*ASSIGNMENT*
Among the records that follow, set down only the lines from the one containing "さて、先日「助産塾」を学ばれた5年目の助産師さんからの投稿!" to the one containing "FA247 took on", both included, exactly.

[Collected data]

╭──

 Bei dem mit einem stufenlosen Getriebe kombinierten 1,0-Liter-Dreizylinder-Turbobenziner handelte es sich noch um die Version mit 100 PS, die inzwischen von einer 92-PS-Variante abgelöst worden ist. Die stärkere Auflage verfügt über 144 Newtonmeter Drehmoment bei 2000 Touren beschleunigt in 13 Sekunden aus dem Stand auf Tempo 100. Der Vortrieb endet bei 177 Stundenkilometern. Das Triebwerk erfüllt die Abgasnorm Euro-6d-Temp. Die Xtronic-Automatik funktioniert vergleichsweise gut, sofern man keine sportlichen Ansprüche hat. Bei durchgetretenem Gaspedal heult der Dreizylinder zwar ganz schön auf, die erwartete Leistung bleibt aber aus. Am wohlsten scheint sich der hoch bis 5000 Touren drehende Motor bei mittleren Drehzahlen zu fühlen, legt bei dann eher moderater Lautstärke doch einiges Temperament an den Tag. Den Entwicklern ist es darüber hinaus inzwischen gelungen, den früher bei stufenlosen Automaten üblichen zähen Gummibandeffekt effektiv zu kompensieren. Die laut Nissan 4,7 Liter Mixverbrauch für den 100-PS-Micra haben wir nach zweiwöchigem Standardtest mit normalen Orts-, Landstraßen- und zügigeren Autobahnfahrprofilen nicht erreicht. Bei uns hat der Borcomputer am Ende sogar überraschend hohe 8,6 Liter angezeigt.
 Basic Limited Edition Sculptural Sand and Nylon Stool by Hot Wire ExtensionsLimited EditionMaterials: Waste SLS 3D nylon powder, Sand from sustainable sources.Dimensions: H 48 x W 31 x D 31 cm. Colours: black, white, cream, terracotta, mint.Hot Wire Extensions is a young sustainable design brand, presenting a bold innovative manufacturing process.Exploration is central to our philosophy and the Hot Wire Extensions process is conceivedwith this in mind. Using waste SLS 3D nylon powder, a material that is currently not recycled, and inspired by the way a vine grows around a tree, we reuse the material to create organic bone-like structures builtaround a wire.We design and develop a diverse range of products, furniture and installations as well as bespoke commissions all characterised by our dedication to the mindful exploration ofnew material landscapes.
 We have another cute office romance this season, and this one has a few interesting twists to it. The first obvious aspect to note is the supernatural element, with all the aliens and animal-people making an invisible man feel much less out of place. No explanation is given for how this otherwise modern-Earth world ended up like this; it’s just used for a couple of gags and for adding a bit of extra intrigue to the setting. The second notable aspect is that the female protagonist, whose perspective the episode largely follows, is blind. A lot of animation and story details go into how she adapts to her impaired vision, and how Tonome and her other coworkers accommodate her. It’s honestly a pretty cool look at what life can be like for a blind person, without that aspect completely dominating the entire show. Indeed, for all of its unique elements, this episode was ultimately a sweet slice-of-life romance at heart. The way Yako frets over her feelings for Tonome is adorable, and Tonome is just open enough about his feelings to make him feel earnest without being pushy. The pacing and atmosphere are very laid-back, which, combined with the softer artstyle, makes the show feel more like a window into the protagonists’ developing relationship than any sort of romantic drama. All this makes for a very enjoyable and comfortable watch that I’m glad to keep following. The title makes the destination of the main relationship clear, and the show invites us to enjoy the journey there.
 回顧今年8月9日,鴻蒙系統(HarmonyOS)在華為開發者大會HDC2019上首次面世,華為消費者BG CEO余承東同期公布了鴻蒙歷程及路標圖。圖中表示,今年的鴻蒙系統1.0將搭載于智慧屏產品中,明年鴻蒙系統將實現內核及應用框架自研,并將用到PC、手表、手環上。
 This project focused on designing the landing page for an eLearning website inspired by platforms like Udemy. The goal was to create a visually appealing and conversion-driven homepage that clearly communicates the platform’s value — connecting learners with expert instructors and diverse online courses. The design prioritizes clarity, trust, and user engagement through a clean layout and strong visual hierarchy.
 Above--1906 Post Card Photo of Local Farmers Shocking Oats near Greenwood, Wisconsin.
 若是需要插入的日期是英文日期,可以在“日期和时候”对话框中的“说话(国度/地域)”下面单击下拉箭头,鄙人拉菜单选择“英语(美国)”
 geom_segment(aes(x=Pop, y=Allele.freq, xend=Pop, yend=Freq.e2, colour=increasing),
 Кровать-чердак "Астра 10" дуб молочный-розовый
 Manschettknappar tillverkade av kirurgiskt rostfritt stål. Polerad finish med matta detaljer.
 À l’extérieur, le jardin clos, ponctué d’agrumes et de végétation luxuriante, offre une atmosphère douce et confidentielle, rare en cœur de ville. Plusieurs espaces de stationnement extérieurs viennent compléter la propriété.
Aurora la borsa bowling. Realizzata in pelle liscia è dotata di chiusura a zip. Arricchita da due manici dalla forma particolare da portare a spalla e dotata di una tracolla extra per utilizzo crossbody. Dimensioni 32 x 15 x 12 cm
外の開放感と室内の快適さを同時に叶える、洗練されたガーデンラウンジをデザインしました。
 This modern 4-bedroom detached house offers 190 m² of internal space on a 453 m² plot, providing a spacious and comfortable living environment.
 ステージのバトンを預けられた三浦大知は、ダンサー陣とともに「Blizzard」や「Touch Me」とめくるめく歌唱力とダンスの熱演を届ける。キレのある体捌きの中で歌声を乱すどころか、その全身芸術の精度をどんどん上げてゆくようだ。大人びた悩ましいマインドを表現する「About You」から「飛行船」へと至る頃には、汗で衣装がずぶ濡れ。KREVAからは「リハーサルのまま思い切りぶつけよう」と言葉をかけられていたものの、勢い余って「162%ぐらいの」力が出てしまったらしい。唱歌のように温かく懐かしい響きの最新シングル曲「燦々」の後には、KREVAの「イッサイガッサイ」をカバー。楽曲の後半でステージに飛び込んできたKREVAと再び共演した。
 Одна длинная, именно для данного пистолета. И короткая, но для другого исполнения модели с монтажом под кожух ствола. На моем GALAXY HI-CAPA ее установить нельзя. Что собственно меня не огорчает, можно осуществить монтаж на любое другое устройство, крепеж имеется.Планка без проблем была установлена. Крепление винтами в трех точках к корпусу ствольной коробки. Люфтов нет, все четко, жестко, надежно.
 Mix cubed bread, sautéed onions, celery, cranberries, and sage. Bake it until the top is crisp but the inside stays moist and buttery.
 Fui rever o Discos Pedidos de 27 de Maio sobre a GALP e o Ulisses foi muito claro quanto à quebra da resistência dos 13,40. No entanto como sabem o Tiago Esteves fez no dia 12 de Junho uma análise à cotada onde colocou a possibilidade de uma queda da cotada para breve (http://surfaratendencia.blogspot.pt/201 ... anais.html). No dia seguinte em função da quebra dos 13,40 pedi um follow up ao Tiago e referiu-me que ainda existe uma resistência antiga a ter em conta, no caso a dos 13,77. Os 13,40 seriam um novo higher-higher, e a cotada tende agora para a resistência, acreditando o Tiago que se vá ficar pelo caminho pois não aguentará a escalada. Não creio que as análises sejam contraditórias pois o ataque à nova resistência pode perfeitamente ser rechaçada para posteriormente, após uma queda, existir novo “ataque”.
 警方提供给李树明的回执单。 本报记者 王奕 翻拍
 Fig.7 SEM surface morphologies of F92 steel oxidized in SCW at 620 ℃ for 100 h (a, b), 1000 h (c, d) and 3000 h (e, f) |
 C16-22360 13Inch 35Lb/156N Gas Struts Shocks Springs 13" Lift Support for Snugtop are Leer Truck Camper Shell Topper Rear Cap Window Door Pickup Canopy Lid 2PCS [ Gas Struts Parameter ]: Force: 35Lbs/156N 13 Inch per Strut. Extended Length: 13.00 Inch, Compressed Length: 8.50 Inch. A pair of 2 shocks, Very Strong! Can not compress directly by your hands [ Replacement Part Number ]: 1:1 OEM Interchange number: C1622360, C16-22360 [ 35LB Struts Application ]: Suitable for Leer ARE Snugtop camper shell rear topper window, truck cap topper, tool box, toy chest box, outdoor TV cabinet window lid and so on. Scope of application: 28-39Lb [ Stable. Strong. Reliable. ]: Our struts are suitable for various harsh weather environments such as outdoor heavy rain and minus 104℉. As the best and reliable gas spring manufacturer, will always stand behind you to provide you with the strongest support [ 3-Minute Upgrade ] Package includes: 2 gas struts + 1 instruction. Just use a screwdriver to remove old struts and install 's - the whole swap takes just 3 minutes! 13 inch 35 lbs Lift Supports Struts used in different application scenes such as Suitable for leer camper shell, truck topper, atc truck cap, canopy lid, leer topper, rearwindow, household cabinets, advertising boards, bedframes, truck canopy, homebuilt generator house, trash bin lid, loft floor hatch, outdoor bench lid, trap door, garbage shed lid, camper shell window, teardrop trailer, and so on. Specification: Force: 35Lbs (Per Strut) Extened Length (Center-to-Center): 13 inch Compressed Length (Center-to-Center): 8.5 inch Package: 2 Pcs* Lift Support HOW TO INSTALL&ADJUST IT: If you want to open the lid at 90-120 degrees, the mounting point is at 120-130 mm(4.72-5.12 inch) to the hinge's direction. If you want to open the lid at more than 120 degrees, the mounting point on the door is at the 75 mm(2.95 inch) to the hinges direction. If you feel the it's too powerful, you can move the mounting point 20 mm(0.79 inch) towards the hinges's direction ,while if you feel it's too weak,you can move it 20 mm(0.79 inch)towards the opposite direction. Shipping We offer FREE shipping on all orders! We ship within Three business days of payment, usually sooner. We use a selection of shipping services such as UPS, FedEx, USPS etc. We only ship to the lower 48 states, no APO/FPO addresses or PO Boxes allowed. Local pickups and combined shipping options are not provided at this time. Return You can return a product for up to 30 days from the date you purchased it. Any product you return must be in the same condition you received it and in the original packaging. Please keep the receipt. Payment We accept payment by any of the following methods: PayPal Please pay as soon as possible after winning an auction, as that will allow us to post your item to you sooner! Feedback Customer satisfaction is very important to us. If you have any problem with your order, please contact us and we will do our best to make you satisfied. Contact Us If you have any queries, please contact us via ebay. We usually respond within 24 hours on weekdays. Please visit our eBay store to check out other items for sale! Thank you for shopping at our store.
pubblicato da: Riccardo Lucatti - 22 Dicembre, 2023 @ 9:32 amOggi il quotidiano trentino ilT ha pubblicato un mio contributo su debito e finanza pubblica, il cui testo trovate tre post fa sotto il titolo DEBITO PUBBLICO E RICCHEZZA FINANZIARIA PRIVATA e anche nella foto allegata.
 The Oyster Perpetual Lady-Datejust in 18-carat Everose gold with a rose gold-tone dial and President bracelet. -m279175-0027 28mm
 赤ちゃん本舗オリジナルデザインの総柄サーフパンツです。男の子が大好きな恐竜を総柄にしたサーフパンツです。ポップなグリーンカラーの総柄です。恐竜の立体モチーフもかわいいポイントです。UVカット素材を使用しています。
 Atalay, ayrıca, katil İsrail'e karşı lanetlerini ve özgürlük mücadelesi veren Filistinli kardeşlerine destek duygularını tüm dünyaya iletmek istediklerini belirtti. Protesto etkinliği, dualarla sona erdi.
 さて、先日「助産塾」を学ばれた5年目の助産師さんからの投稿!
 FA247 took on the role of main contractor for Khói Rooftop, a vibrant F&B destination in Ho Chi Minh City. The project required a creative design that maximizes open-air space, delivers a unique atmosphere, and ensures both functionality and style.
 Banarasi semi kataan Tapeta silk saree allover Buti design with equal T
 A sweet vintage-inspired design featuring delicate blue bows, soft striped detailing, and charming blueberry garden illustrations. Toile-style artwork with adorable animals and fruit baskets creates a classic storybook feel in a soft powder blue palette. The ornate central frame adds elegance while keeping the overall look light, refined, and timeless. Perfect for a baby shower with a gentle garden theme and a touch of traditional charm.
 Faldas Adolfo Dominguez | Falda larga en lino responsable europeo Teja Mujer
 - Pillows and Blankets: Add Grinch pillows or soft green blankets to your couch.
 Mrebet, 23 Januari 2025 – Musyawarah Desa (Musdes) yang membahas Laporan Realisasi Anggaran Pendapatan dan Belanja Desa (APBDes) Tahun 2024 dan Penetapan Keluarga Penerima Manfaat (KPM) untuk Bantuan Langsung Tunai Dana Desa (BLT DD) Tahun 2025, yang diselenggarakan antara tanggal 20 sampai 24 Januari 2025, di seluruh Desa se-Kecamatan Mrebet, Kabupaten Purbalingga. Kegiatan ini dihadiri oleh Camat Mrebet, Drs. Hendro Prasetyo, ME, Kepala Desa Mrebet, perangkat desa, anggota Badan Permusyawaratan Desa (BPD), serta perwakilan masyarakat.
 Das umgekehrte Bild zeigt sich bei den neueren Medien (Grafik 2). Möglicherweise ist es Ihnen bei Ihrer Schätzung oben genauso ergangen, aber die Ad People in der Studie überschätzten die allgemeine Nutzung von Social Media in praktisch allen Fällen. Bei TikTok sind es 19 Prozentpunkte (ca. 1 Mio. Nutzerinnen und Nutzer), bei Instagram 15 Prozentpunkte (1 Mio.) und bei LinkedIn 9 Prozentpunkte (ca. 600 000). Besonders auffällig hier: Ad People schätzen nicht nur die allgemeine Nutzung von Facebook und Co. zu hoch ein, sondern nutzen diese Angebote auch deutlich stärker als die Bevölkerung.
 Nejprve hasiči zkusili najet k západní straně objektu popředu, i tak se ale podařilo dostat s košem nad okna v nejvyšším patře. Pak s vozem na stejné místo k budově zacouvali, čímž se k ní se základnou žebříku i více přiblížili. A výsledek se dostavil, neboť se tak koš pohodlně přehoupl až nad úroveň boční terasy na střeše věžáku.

╰──

*YOUR SOLUTION*
 さて、先日「助産塾」を学ばれた5年目の助産師さんからの投稿!
 FA247 took on the role of main contractor for Khói Rooftop, a vibrant F&B destination in Ho Chi Minh City. The project required a creative design that maximizes open-air space, delivers a unique atmosphere, and ensures both functionality and style.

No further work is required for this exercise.